Here is how the implementation looks:

fn parse_select(&mut self) -> Result<Ast, ParseError> {
    self.expect_keyword("select")?;
    let projection = self.expect_projection()?;
    self.expect_keyword("from")?;
    let table_name = self.expect_identifier()?;
    let where_clause = self.maybe_where_clause()?;
    let order_by = self.maybe_order_by()?;
    let limit = self.maybe_limit()?;
    let _ = self.eat_if(|token| token.is_semicolon());

    Ok(Ast::Select {
        table_name: table_name.to_string(),
        projection,
        where_clause,
        order_by,
        limit,
    })
}

fn maybe_where_clause(&mut self) -> Result<Option<WhereClause>, ParseError> {
    let is_where_clause = self.eat_if(|token| token.is_keyword("where"));
    if is_where_clause {
        let where_clause = self.expect_clause()?;
        return Ok(Some(where_clause));
    }
    Ok(None)
}

fn expect_clause(&mut self) -> Result<WhereClause, ParseError> {
    let column_name = self.expect_identifier()?;
    let operator = self.expect_operator()?;
    let literal = self.expect_literal()?;

    Ok(WhereClause::Comparison {
        column_name,
        operator,
        literal,
    })
}

fn expect_operator(&mut self) -> Result<Operator, ParseError> {
    match self.cursor.next() {
        Some(token) => Operator::from_token(token),
        None => Err(ParseError::UnexpectedEndOfInput),
    }
}

fn expect_literal(&mut self) -> Result<Literal, ParseError> {
    match self.cursor.next() {
        Some(token) => Literal::from_token(token),
        None => Err(ParseError::UnexpectedEndOfInput),
    }
}

Understanding the Baseline Parser

This code reflects a direct translation of our simple grammar.

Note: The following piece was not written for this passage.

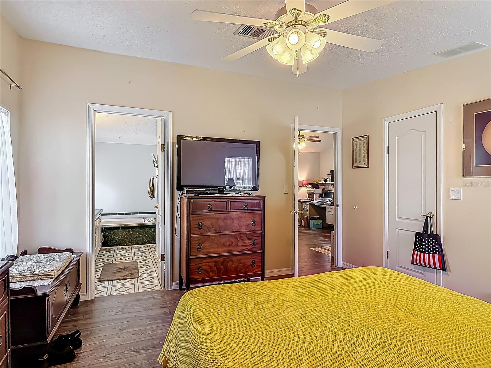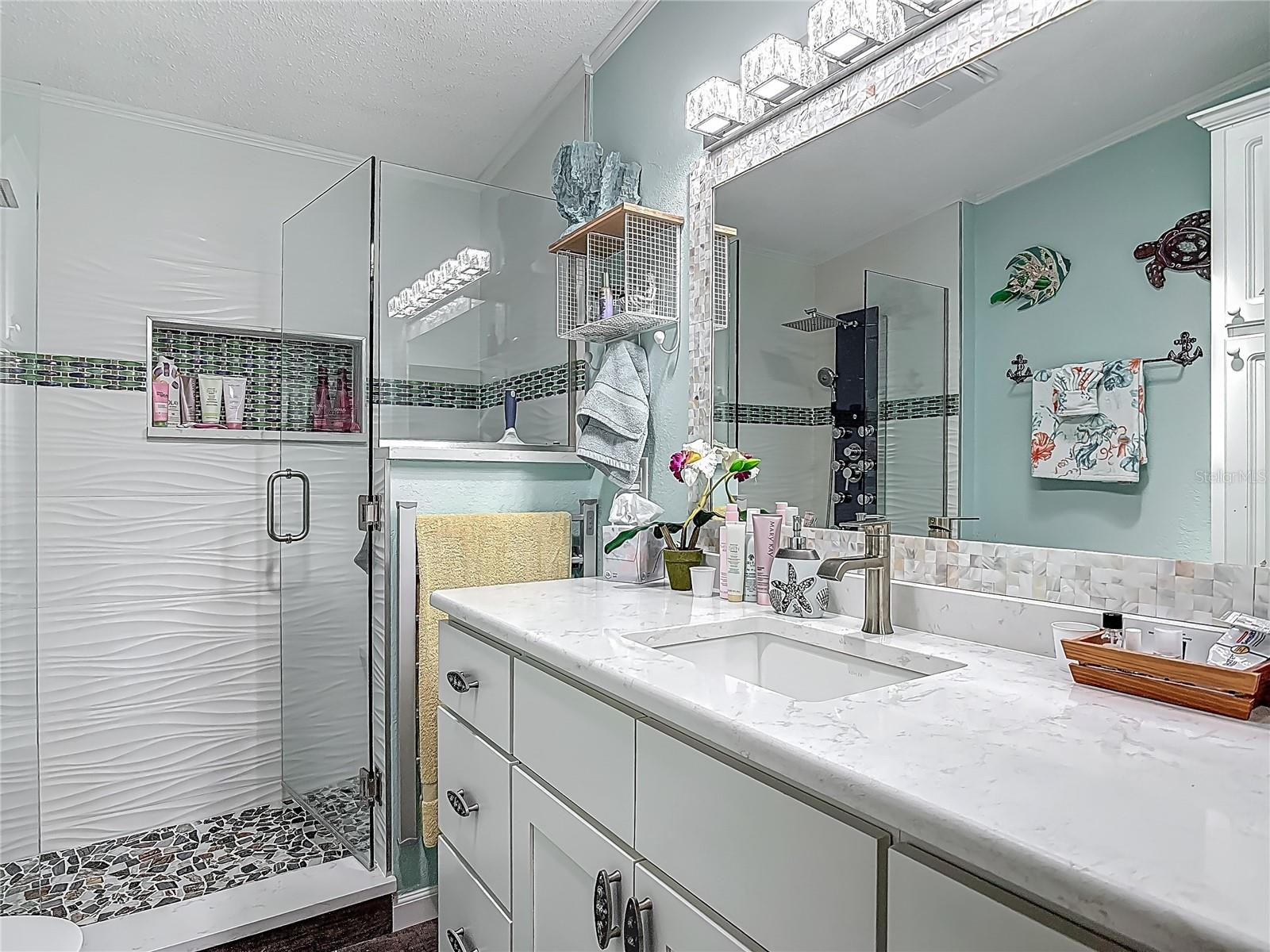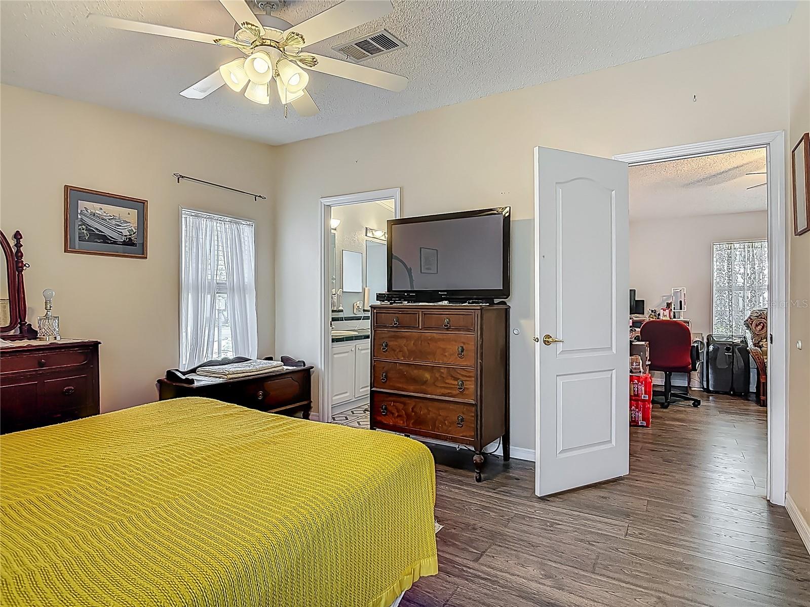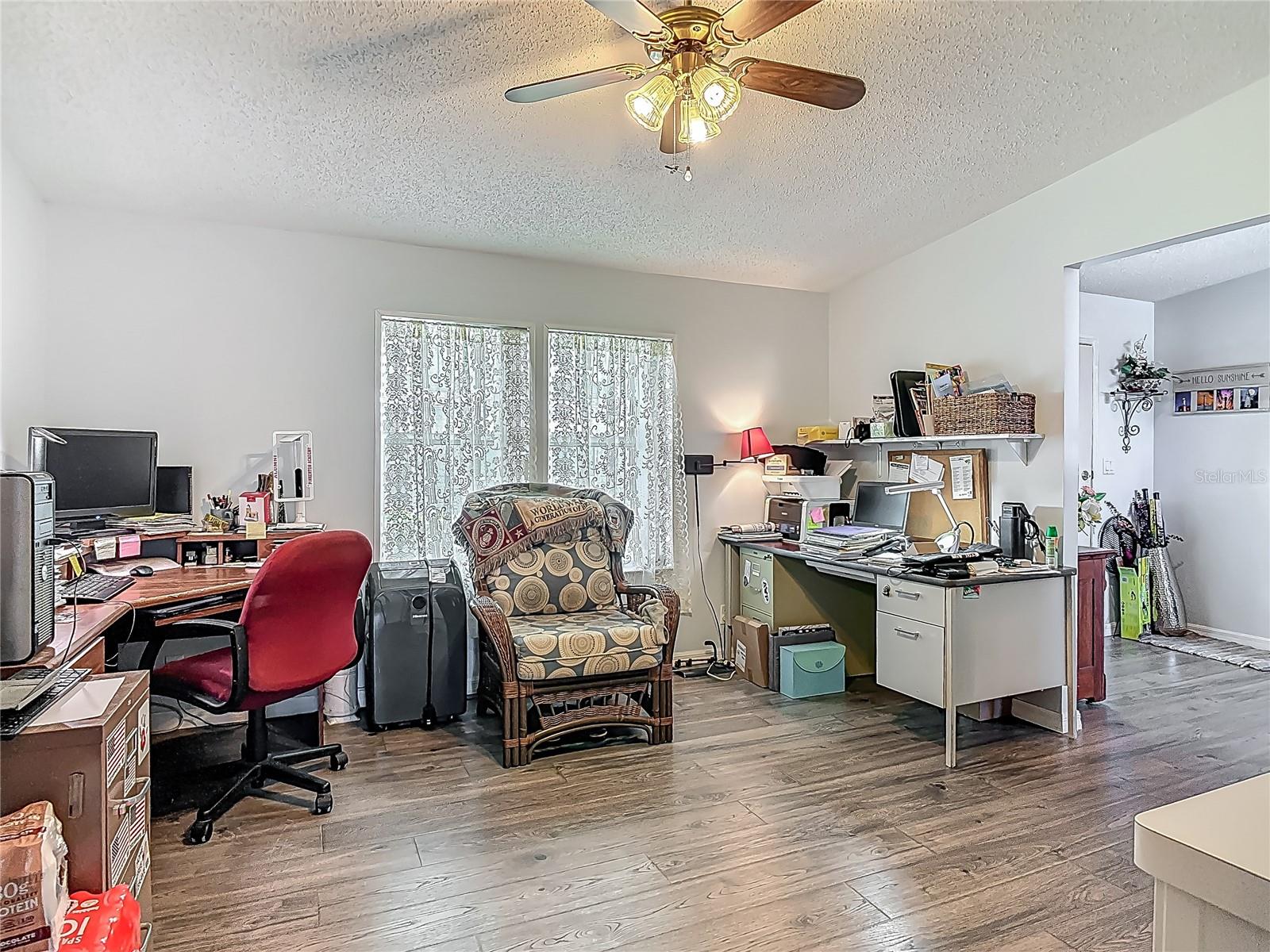 Welcome to this charming 3-bedroom, 2-bathroom home, perfectly nestled just off a peaceful cul-de-sac. From the moment you step inside, you'll love the spacious, open layout featuring a gourmet kitchen with sleek quartz countertops, a convenient eat-in dining area, pergo floors and plenty of room to gather and entertain. The split-bedroom floor plan offers privacy for guests or family, while sliding glass doors lead to your private patio and sun deck—ideal for grilling, relaxing, and enjoying spectacular sunrises and sunsets. Outside, you'll find a great bonus: a stylish shed for extra storage—perfect for tools, toys, or hobby gear. Located in a very active and vibrant community, you'll have access to a wide array of amenities including a heated pool, spa, exercise room, , shuffleboard , horseshoes tennis courts, pickle ball, bocce, bingo nights, boat and Rv storage when available. Best of all, you own your land, and the low quarterly HOA fee includes both internet and cable—giving you the perfect balance of affordability and lifestyle. Don't miss your opportunity to live in a home that has it all—comfort, community, and convenience!

Each function, like expect_projection or expect_keyword, corresponds to a specific rule.

At this stage:

  • parse_select acts as the orchestrator, calling sub-parsers in the exact sequence expected by the SQL syntax.
  • maybe_where_clause shows the “Maybe” pattern, it checks for the WHERE keyword and, if missing, returns Ok(None) instead of erroring.
  • expect_clause is completely linear. It expects exactly one identifier, one operator, and one literal. There is no concept of nesting or grouping yet.

The code for the complete parser corresponding to the above grammar is here. (Note: This was the Parser during the early stages of development.)

Step 1: Adding AND

Let’s expand the WHERE clause to support multiple conditions joined by AND. Surprisingly, the grammar remains relatively simple and linear:

where
    = "WHERE" clause ("AND" clause)*

clause
    = identifier operator literal

operator
    = "=" | ">" | "<" | ">=" | "<=" | "!=" | "LIKE"

Here, WHERE starts with one clause, followed by any number (zero or more) of "AND" clause pairs. This works well for a flat list of conditions, but it doesn’t allow for grouping or alternative logic.

Overview of the code

At this stage, the parser handles AND logic using a simple “collect” loop. It first expects a single condition and then iteratively looks for more AND <condition> pairs.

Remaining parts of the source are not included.